C’est finalement l’entretien qui nous aura permis d’effectuer la collecte systématique de données après la clarification d’une problématique et d’hypothèses relatifs à un domaine subjectif, où il s’agissait plus d’évoluer vers la compréhension de cette subjectivité des aspects affectifs (par une approche de type clinique), que de faire de l’observation de comportements manifestes, impossibles à saisir dans leur intégralité. Démarche progressive passée par beaucoup de tâtonnements et de difficultés en raison d’abord de la complexité du problème, ensuite de notre situation d’inspecteur d’EPS s’efforçant en même temps de faire de la recherche dans le domaine de notre activité professionnelle. Le port ainsi de deux casquettes nous gêne mais il va nous amener à découvrir des dimensions où il nous aide au lieu de nous bloquer: Nous prenons conscience du fait que être proche des enseignants par notre propre expérience (d’enseignant nous-mêmes puis d’inspecteur pédagogique) est un avantage pour mieux comprendre. C’est l’une des explications du choix de l’entretien non directif.
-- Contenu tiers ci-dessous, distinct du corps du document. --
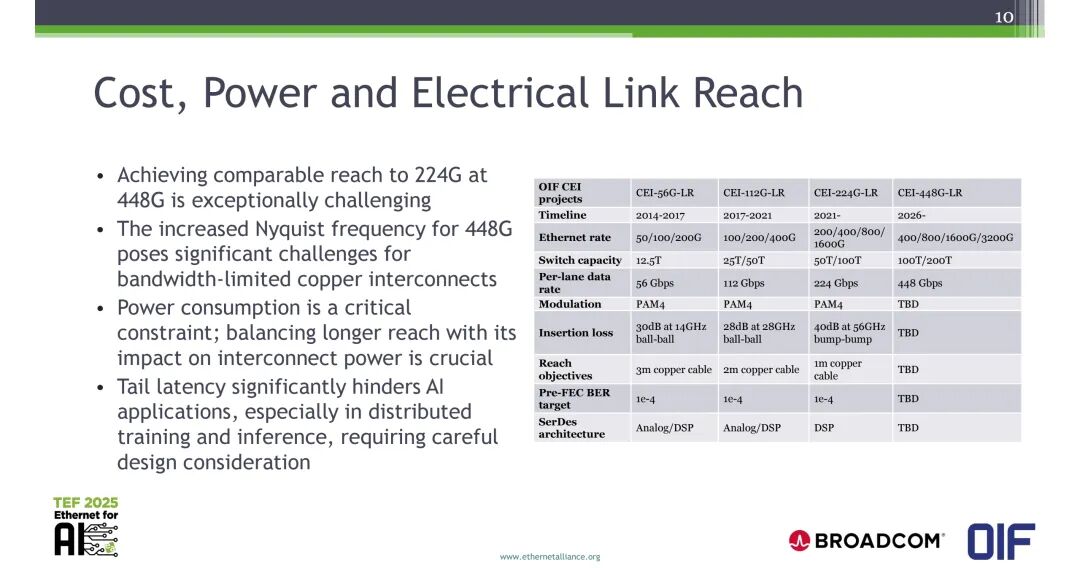 在448G速率下实现与224G相当的传输距离极具挑战,448G提升的奈奎斯特频率对带宽受限的铜互连带来了显著的物理约束。功耗是AI集群的核心刚性约束,长距离传输将直接推高互连功耗,需要在传输距离与功耗之间实现精准平衡;同时,尾时延会严重影响AI应用,尤其是分布式训练与推理场景,需要在设计中重点考量。
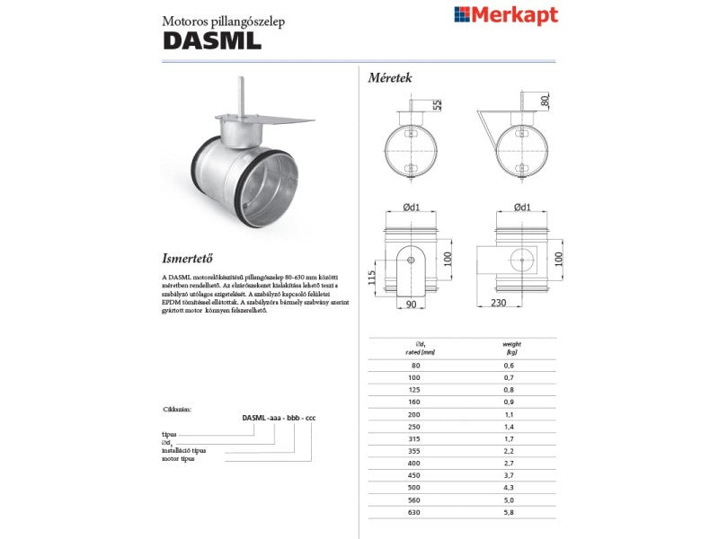 A DASML légtömör motoros mozgatásra alkalmas pillangószelep. Légtömör pillangószelep kézi mozgatással. Ipari szellőztető rendszerek eleme a pontos légmennyiség beállításához. A termék gumi szigetelő gyűrűkkel ellátva. Az állítókar távolsága lehetővé teszi a maximum 50 mm vastag hőszigetelés alkalmazását. Anyaga: Horganyzott acél. Alkalmazása: a légmennyiség pontos beállítására használható, szellőztető rendszerekben
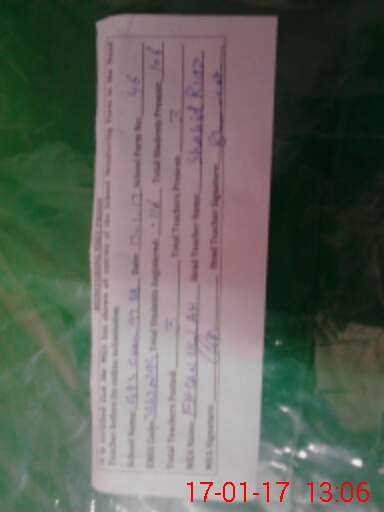 | School Visited by School Health & Nutrition Supervisor (No. of Visits) | 1 | Name1: | TARIQ MASOOD | Name2: | |
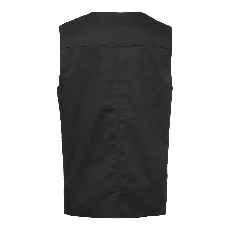 Unisex-vest med slidser forneden og trykknapper foran. Udstyret med en brystlomme og to skrå frontlommer. Ryglængde 73 cm i størrelse M.
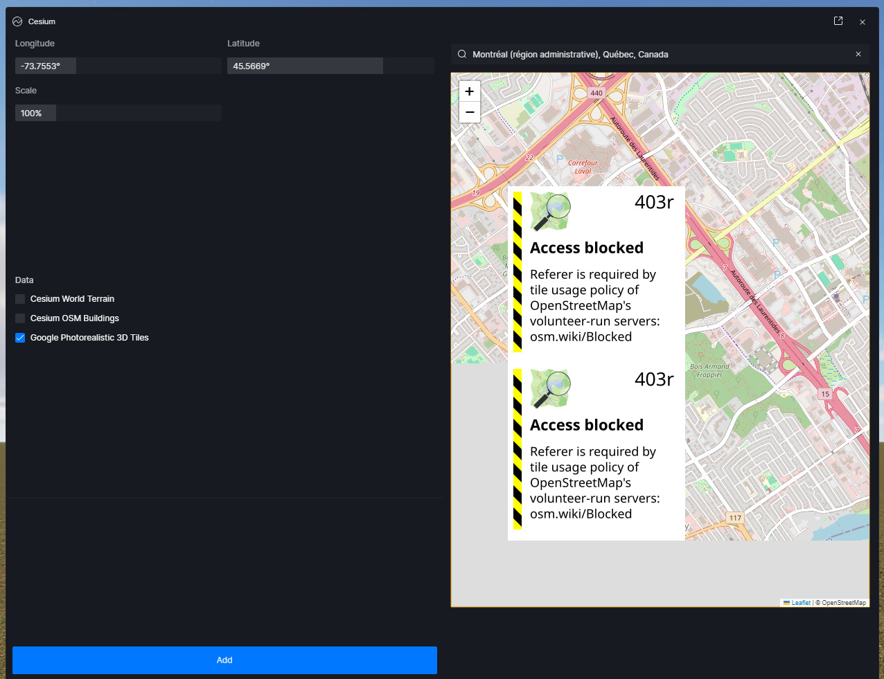 Access blocked Referer is requires by title usage policy of OpenStreetMaps volunteer-run-servers osm.wiki/blocked…
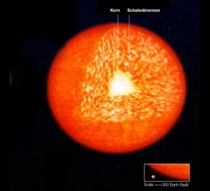 In rund 7,59 Milliarden Jahren ist es dann soweit: Die Gluthitze der Sonne und ihre enorme Schwerkraft werden erst den Gesteinsmantel der Erde zerreißen und verglühen lassen, dann, wenige hundert Jahre später, folgt auch der massive Eisenkern. Das ist das Ende unseres Planeten. Er wird von der sterbenden Sonne verschlungen. Doch auch für unsere Sonne schlägt nun auch die letzte Stunde: In rund 7,7 Milliarden Jahren kollabiert das Innere des Roten Riesen und er wirft nun endgültig seine äußeren Hüllen ab. In seinem Kern erlischt die Kernfusion. Damit wird die Sonne zu einem Weißen Zwerg – dem dichten Rest eines Sterns.
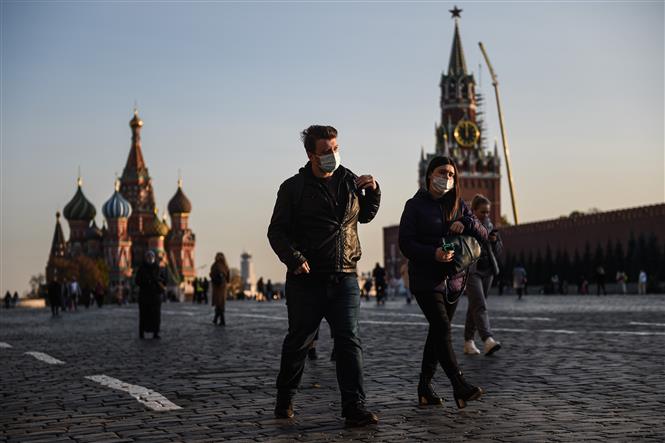 ប្រជាជនពាក់ម៉ាស់ដើម្បីការពារជំងឺកូវីដ១៩ នៅទីក្រុងមូស្គូប្រទេសរុស្ស៊ីនៅថ្ងៃទី ២៨ ខែតុលាឆ្នាំ ២០២០ (រូបថត៖ THX / VNA) |
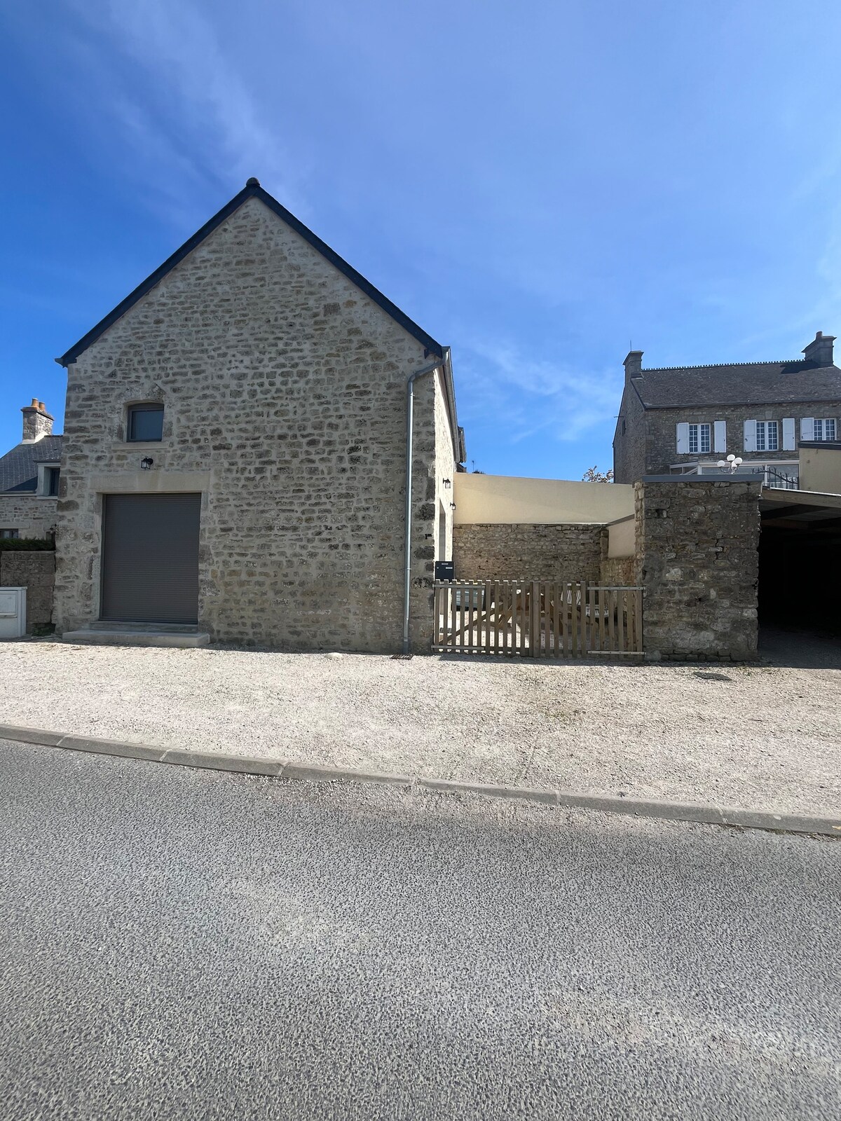 Attenant à la maison principale un logement de plein pied comprenant : un grand salon avec un lit une personne, une chambre avec un lit 140, une cuisine et une salle de bain avec douche et WC. Extérieur : une petite terrasse avec salon de jardin et barbecue. Espace dédié aux véhicules dans la cour intérieure close. La propriété se situe au bout d'un chemin privé. 1km 8 d'Isigny sur mer, tout commerce. 5km de Grandcamp-maisy. Proche des plages du débarquement Omaha beach... De Bayeux à Cherbourg.
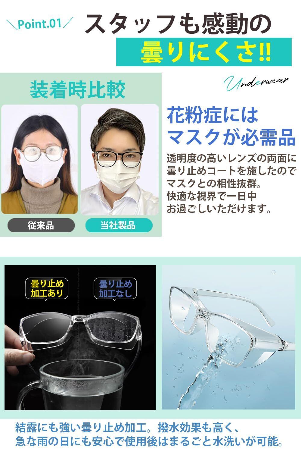【マスクをしても曇らない】花粉症にはマスクも必須アイテム。両面に特殊曇り止めコートを施した高透明レンズで、マスク着用時でも視界クリアで相性抜群!結露にも強く、急な雨の日も安心です。 使用後は水洗いが可能でいつでも清潔な状態でお使い頂けます。花粉対策
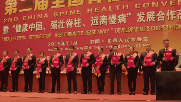 為認真貫徹國家十八大五中全會會議精神,積極響應十三五規劃的"健康中國"國家戰略,2015年11月21日下午,第二屆全國脊柱健康大會暨“健康中國·強壯脊柱·遠離慢病”合作發展高峰論壇在人民大會堂隆重召開。來自國家相關領導、院士、專家、專業學術團隊、脊柱產業精英團隊、全國脊柱健康事業者、志愿者、健康代表近7000人齊聚一堂,共同把脈中國健康服務產業發展及全球新機遇,分析慢病高發勢態,挖掘脊柱健康根源,探討慢性病防治康復科學方法和最新科技發展前沿。各大媒體爭相報道,反響熱烈,配合國家衛生監督及職能管理部門,建立一個遏制中國乃至世界慢性病發病率、改善慢性病、促進慢性病防治的長效機制,促進未來脊柱健康產業壯大和發展成為共識。
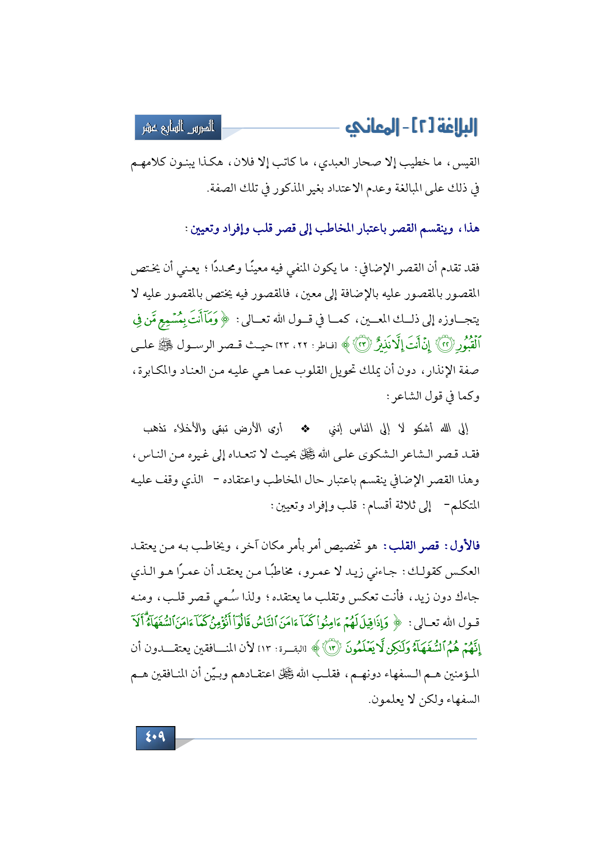 فقد قصر الشاعر الشكوى على الله -عز وجل- بحيث لا تتعداه إلى غيره من الناس، وهذا القصر الإضافي ينقسم باعتبار حال المخاطب واعتقاده -الذي وقف عليه المتكلم- إلى ثلاثة أقسام: قلب وإفراد وتعيين؛ فقصر القلب هو تخصيص أمر بأمر مكان آخر، ويخاطب به من يعتقد العكس كقولك: جاءني زيد لا عمرو، مخاطبًا من يعتقد أن عمرًا هو الذي جاءك دون زيد، فأنت تعكس وتقلب ما يعتقده؛ ولذا سُمي قصر قلب، ومنه قول الله تعالى: {وَإِذَا قِيلَ لَهُمْ آمِنُوا كَمَا آمَنَ النَّاسُ قَالُوا أَنُؤْمِنُ كَمَا آمَنَ السُّفَهَاءُ أَلَا إِنَّهُمْ هُمُ السُّفَهَاءُ وَلَكِنْ لَا يَعْلَمُونَ} (البقرة: 13) لأن المنافقين يعتقدون أن المؤمنين هم السفهاء دونهم، فقلب الله -عز وجل- اعتقادهم وبيّن أن المنافقين هم السفهاء ولكن لا يعلمون.
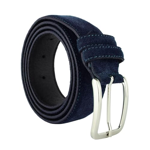 GRESEL Bälte av äkta mocka för män och kvinnor, äkta läder, tillverkat i Italien, justerbar, 3,5 cm brett, blå, 110 (Größe 48-50)
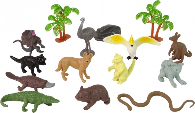 Súčasťou sady sú klokan, koala, krokodíl, emu, papagáj, had, vtákopysk, wombat, tasmánsky diabol, jašter, púštna líška, 2 stromčeky a skala – všetko na tvorbu vlastného austrálskeho sveta.

Nous sommes pleinement engagés ainsi dans une position de recherche-action, où nous nous apercevons que les enseignants se détachent difficilement de l’image de l’inspecteur; c’est pourquoi après avoir effectué le pré-test des prototypes d’entretien, nous nous éloignerons de notre circonscription pour les entretiens systématiques [10]. Par ailleurs, nous avons présenté au début des entretiens un sujet large (parler de leur travail pour les enseignants) comme moyen systématique de saisir les attitudes et les représentations des interrogés sans qu’ils aient été influencés par l’idée qu’ils pourraient se faire des attentes de l’enquêteur. Précaution supplémentaire pour

contourner le biais toujours possible créé par notre position d’inspecteur: présenter un sujet large pour contourner le biais d’un discours préconstruit, et amoindrir les effets de notre propre influence. Largement analysée même dans des cas de travaux de recherche expérimentale (De Landsheere G., 1982, pp.60 à 66), cette influence de l’observateur ou de l’enquêteur est pratiquement impossible à éviter. Tout au moins pouvons-nous essayer d’en prendre conscience en permanence, l’éviter ou l’amoindrir, et l’évaluer au moment de l’analyse des données.